I plan to run multilevel regressions on a global dataset, with random intercepts and slopes grouped by country for my main predictor x, and a Gaussian Process (also grouped by country) to account for both geographic and cultural distance between countries. In brms, this model would look like this:
model <- brm(y ~ 1 + x + gp(geoDist, culturalDist, gr = TRUE, iso = FALSE) + (1 + x | country),
data = d, family = gaussian)
It seems that when brms takes the argument gp(x), x is required to be a vector column in the dataset. However, instead of having columns in my data called geoDist and culturalDist, I have two NxN distance matrices, much like the spatial autocorrelation example in Richard McElreath’s section on Gaussian Processes in Statistical Rethinking.
I don’t really understand raw Stan, so I was wondering if there would be a way to incorporate these distance matrices into the Gaussian Process using brms without having to modify the Stan code itself. Do I need to somehow reduce my distance matrices to single vectors that brms can understand? Or is there another trick I’m missing?
This approach certainly works for spatial autocorrelation, since we can use the nice coordinate system provided by longitude and latitude values. But for other measures of distance (such as “cultural” distance, etc.), there isn’t an obvious analogous coordinate system that I can see being used in the same way. Instead, I have an NxN distance matrix that has been calculated a priori. Can these distances be translated from the distance matrix into brms?

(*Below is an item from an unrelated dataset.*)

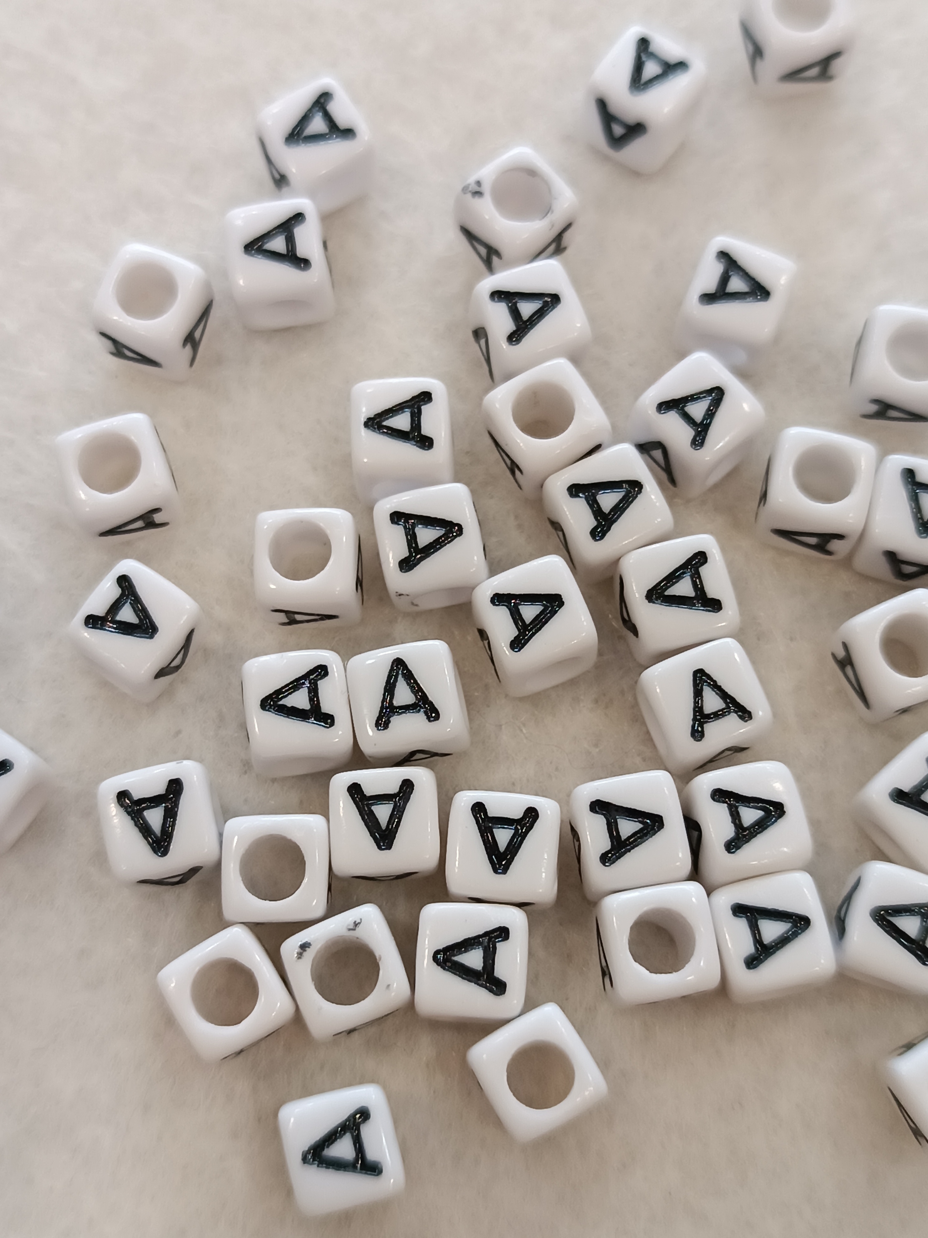 Műanyag gyöngy,fehér alapon fekete A-betűvel.

hmm, so the “distance” is more of a conceptual latent nature… I would guess that you would be able to handle it in the same way, but I’ve never done it myself… Perhaps @Solomon could pitch in here before we ask Paul.
This thread might be of interest. @anon75146577 and I never really finished that conversation. I have a nagging feeling that one can indeed get a positive semidefinite matrix under very mild regularity conditions.
Thanks Solomon. I will have a play around with fcor(). But doesn’t this function take a covariance matrix, not a distance matrix? What if I wanted to feed in raw distances?
In the past, I’ve just converted the distance matrix to a covariance matrix manually beforehand. But I have to make some assumptions about covariance parameters before doing this. I like Gaussian Processes because they estimate those covariance parameters directly.
There’s a pretty long history on this starting with Besag in 74. The best version is essentially Lindgren, Rue and Lindström in 2011. But there is a lot in between. As a rule arbitrary weightings either don’t work (Besag suggested the SAR construction to get around this) or they don’t end up representing the type of spatial decay people want. Just use a thin plate spline or a GP if distance is important.
Thanks Matias, I thought that this was the case, but just wanted to check. I’m not well-versed in raw Stan, so I’ve resorted to feeding pre-computed covariance matrices to brms via the gr() argument.
And thanks everyone in this thread for a really useful discussion!